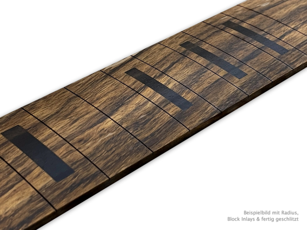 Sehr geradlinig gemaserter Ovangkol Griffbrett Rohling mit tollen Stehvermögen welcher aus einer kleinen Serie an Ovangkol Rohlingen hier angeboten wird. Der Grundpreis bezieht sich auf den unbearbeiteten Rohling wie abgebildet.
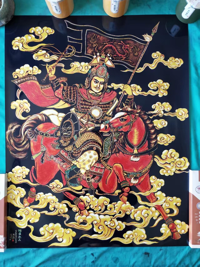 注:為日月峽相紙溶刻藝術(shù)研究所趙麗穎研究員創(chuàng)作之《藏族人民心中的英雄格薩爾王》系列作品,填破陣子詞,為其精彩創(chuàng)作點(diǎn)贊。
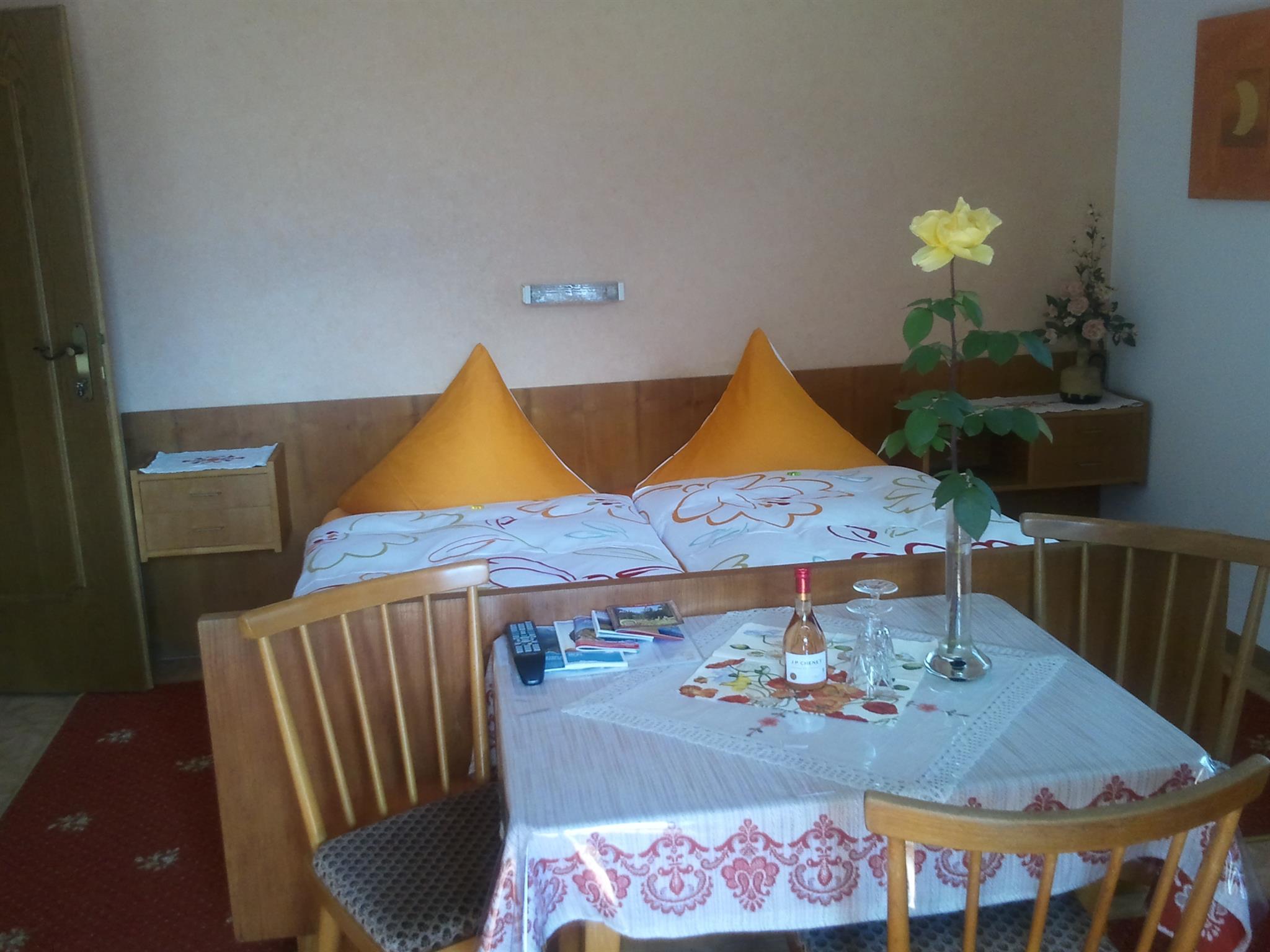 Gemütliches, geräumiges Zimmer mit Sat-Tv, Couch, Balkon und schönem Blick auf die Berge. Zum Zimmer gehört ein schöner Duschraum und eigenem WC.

^^^^^^^^^^^^^^^^

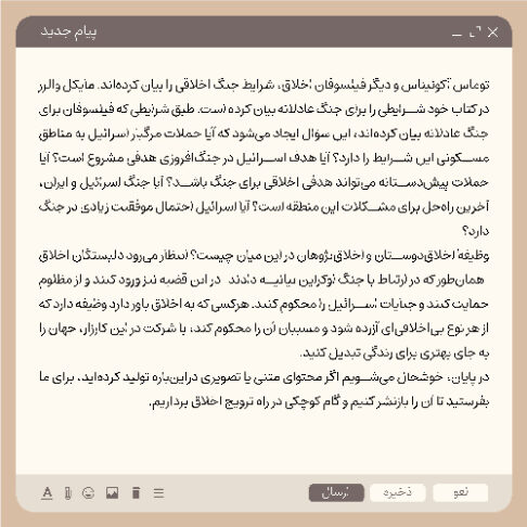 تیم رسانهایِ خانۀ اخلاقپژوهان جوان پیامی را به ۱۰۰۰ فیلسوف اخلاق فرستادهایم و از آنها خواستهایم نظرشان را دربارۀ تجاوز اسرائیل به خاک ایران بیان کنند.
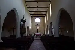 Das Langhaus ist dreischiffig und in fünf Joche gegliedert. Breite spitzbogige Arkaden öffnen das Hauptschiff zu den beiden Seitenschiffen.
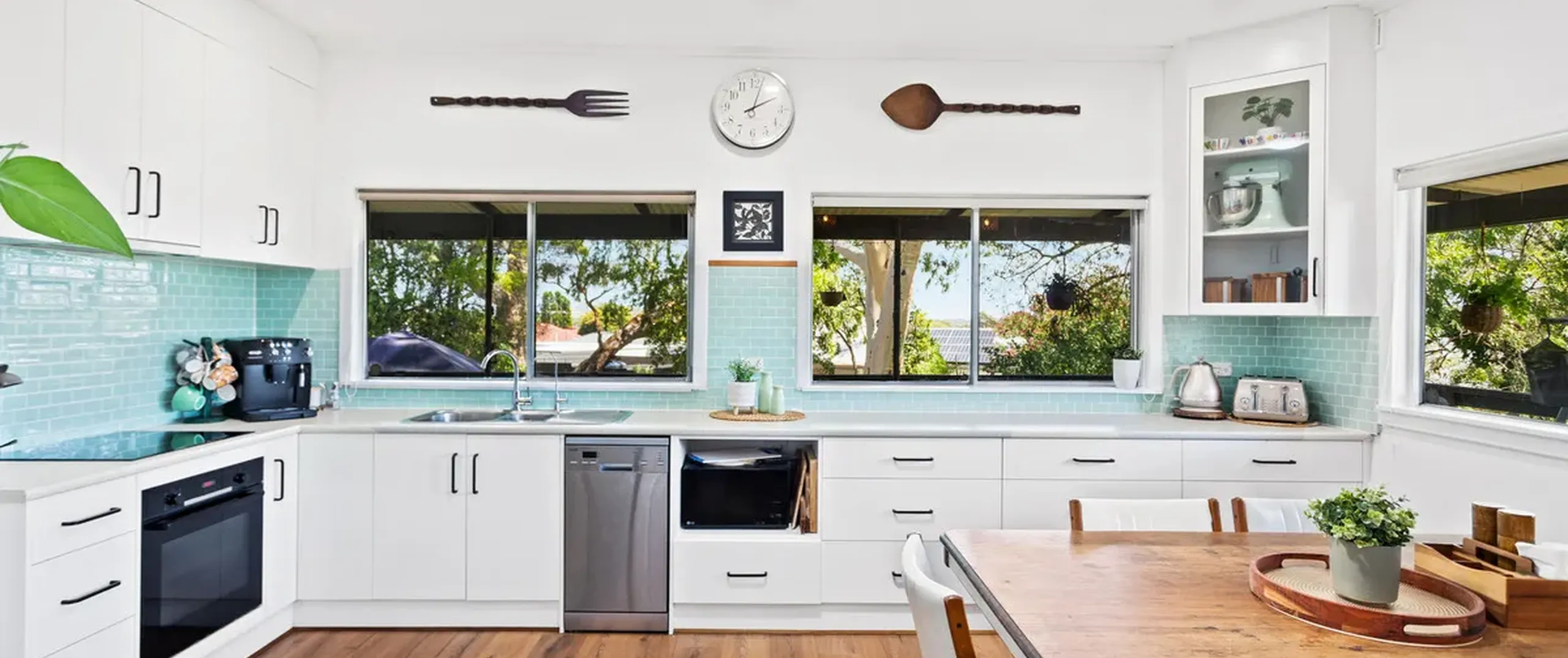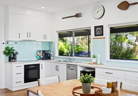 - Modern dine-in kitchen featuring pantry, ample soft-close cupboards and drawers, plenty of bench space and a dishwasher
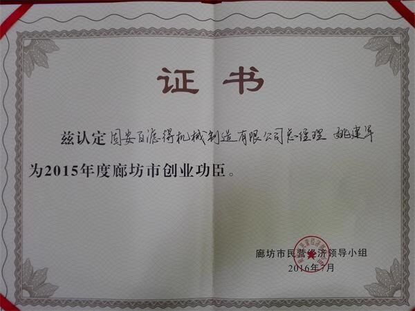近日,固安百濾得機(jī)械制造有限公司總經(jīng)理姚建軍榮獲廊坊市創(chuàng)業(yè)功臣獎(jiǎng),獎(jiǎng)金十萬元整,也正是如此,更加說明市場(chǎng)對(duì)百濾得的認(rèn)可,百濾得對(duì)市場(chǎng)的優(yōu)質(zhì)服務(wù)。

^^^^^^^^^^^^^^^^

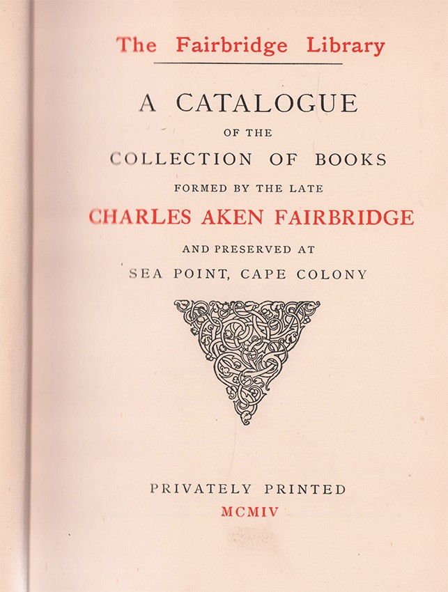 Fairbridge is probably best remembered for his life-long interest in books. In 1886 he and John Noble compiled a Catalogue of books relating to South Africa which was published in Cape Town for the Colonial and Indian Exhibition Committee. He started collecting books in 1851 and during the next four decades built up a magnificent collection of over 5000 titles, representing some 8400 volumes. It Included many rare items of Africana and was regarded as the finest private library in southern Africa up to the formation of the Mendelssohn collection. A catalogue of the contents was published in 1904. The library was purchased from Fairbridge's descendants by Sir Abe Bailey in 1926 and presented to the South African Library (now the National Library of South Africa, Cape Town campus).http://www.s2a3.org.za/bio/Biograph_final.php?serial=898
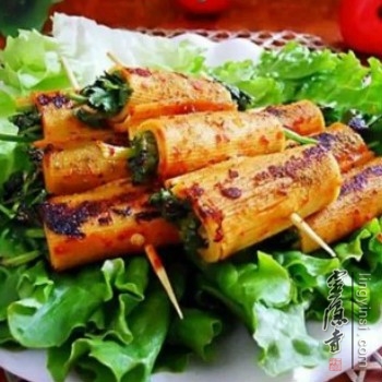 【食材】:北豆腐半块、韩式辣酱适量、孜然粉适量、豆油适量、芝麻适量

^^^^^^^^^^^^^^^^

## Work instruction
The answer should consist only of the lines above from the one with "Sehr geradlinig gemaserter" through the one with "Gemütliches, geräumiges Zimmer", repeated exactly, with no pictures among them.

## Response to the task
 Sehr geradlinig gemaserter Ovangkol Griffbrett Rohling mit tollen Stehvermögen welcher aus einer kleinen Serie an Ovangkol Rohlingen hier angeboten wird. Der Grundpreis bezieht sich auf den unbearbeiteten Rohling wie abgebildet.
 注:為日月峽相紙溶刻藝術(shù)研究所趙麗穎研究員創(chuàng)作之《藏族人民心中的英雄格薩爾王》系列作品,填破陣子詞,為其精彩創(chuàng)作點(diǎn)贊。
 Gemütliches, geräumiges Zimmer mit Sat-Tv, Couch, Balkon und schönem Blick auf die Berge. Zum Zimmer gehört ein schöner Duschraum und eigenem WC.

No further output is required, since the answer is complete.